John I would be willing to bet that C:\System Volume Information is taking up
a good bit of that unknown space if not all of it. Try right clicking it and
selecting properties it will probably show as 0 KB then go in and if you have
XP Pro take ownership of it...

http://support.microsoft.com/default.aspx/kb/308421

Make sure to select replace owner on all subcontainers. Apply it and ok
it. Then right click the folder and check the properties it should now show
you the correct size. If it still says 0 KB then try and access it. If you
are denied access then you did somethin wrong when taking ownership do it
again.
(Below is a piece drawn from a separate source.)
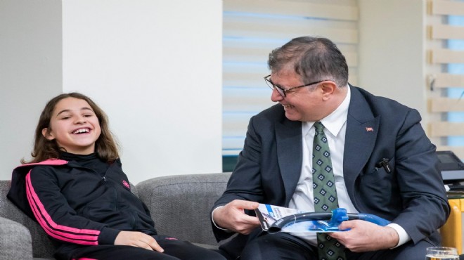 Miray Korkmaz’ın her zaman yanında olacaklarını vurgulayan Başkan Tugay, “Seninle gurur duyuyoruz. Mutlu olman için elimizden ne geliyorsa yapalım isteriz. Bize düşen hangi konu olursa her zaman hazırız” diye konuştu. Başkan Tugay, anne Nihal Korkmaz’a ise “Miray, destek olunmayı fazlasıyla hak eden bir çocuk, özel biri. Biz çok mutlu olarak, gurur duyarak destek olacağız. İnşallah başarılarını göreceğiz” dedi. Ziyarette, Başkan Tugay tarafından Miray Korkmaz’a yüzücü şnorkelinin de içinde bulunduğu hediye paketi verildi.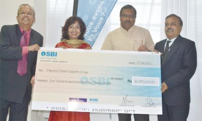 La SBI (Mauritius) Ltd, avec la collaboration de la New India Assurance, a remis un chèque de Rs 475 000 au Diabetes Parent Support Group ce matin à son siège à Ébène. Ce don vise à soutenir ceux souffrant de diabète de type 1 et 2. Une clinique mobile était aussi présente afin d’encourager le personnel de l’institution bancaire à faire un check-up régulier. « We need to be committed to the community where we work and to bring awareness concerning this disease », a déclaré le haut-commissaire indien à Maurice T.P. Seetharam.

Good Luck,

Joe

Kemco IT Tech
 
G

Guest

John:

There's a few issues at play.

I have a PC where the PC is sold as with a 150Gig, but the actual formatted
capacity is only at 147Gigs.

The HD has a logical partition taking up almost 6Gigs, for data recovery,
reducing the available disk space on C:\ to 141Gigs, even before the 1st
piece of data gone on to the C Drive.

So, it's 9 gigs off already. In other words, bought a PC with 150Gig HD,
zero bytes in files, remaining space 141Gigs.

Then each file no matter how small, takes up 4,096 bytes, and takes space at
4,096 bytes, not counted in the file size, which measures actual size in
bytes. Over several hundred thousand files, you're off by quite a few bytes.
Try an experiment where you create a file with "one" character, the remaining
disk size goes down 4,096 bytes, and total files should go up by only one
byte.

Then there's "overhead" which I'm not sure how's calculated.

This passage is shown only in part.